Updated

The leader of Al Qaeda in Iraq purportedly criticized the country's largest Sunni political party on Saturday for participating in the political process and branded its leader, Vice President Tariq al-Hashemi, a "criminal."

A man introduced as Abu Hamza al-Muhajir, also known as Abu Ayyub al-Masri, sharply rebuked the Iraqi Islamic Party for what he said was its alliance with U.S.-led forces in the country but said he was not calling for attacks against the group.

The audiotaped statement was posted on a militant Web site four days after Iraqi officials claimed that al-Masri had been killed by rivals north of Baghdad but the body had not been recovered. The U.S. military later said it could not confirm the report of al-Masri's death and believed it stemmed from confusion over the killing of another Al Qaeda militant.

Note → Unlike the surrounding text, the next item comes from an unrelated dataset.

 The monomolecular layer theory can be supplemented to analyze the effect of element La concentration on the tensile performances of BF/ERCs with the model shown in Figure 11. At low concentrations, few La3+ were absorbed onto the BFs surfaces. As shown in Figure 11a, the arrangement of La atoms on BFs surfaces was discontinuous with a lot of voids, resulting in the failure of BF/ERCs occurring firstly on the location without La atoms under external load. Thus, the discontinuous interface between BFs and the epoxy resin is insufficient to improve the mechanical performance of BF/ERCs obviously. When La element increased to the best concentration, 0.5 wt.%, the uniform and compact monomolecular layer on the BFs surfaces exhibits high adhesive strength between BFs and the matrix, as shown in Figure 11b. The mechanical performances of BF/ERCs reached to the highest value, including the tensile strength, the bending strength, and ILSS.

There was no indication when the some 20 minute statement was recorded, although a transcript posted on the Web site was dated Saturday. It could not be independently verified.

A similar threat in March, calling Deputy Prime Minister Salam Al-Zubaie a stooge "to the crusader occupiers," was followed a day later by an assassination attempt against the highest-ranking Sunni government official. That statement, which was made by the Al Qaeda front group, the Islamic State of Iraq, also singled out al-Hashemi.

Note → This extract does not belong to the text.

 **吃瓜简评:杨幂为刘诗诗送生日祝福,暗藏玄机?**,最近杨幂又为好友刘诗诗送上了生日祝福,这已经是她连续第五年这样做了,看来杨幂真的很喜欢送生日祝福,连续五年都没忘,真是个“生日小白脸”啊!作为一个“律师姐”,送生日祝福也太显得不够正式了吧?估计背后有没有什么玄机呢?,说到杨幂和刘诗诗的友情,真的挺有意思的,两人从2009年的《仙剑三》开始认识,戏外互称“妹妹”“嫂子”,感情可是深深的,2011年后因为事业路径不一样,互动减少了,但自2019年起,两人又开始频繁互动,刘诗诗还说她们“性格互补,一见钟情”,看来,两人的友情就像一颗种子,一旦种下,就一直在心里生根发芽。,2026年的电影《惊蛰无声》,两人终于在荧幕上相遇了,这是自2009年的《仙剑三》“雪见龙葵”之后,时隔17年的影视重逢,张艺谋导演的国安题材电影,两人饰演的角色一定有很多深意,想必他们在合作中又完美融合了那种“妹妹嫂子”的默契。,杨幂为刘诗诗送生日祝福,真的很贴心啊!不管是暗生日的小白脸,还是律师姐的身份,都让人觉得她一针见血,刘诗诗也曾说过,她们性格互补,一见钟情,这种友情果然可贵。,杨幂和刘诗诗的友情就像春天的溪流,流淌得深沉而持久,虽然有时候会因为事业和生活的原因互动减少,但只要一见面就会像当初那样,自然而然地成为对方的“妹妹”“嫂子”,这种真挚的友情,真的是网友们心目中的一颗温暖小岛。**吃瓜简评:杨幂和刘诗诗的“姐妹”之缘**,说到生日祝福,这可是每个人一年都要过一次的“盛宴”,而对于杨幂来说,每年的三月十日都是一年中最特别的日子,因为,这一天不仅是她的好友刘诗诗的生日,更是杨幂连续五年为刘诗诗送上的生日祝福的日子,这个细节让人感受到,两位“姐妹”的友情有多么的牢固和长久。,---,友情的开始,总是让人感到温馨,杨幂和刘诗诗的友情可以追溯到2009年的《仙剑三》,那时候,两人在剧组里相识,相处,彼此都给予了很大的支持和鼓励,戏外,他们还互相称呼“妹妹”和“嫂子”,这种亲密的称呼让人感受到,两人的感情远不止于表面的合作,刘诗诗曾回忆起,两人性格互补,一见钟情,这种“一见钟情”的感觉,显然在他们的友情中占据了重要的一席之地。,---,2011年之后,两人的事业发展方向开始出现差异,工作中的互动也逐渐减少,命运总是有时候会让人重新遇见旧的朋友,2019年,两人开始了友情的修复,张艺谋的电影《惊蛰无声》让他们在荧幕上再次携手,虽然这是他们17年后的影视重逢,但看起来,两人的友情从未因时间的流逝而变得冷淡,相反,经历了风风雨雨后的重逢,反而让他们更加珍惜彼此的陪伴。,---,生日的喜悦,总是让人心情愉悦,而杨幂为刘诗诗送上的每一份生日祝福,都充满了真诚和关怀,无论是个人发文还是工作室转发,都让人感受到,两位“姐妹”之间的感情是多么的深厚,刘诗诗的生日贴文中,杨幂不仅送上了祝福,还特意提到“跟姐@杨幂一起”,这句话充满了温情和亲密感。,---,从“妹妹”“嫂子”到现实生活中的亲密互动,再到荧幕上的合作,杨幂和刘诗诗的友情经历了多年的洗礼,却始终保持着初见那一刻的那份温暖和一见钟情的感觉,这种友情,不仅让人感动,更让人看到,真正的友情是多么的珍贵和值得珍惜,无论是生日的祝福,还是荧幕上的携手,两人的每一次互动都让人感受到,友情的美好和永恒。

In his statement Saturday, al-Masri sharply criticized al-Hashemi for taking part in politics, thereby giving legitimacy to the Shiite-led government off Prime Minister Nouri al-Maliki, whose U.S.-backed security forces are fighting Sunni insurgents and Al Qaeda militants.

"This criminal relentlessly calls for the occupier to remain," he said, referring to al-Hashemi.

However, he said he was not calling for attacks against the Islamic Party, which, he explained, would only distract his group from its fight against the Shiites and American forces.

"The leaders of the Islamic Party are renegades but we make it clear that we don't want to fight them and be drawn into secondary battles that only serve the occupier and its Shiite associates," he said in the statement.

Al-Masri, an Egyptian militant, took over leadership of the terror network and was endorsed by Usama bin Laden after Abu Musab al-Zarqawi was killed last June by a U.S. airstrike in Diyala province.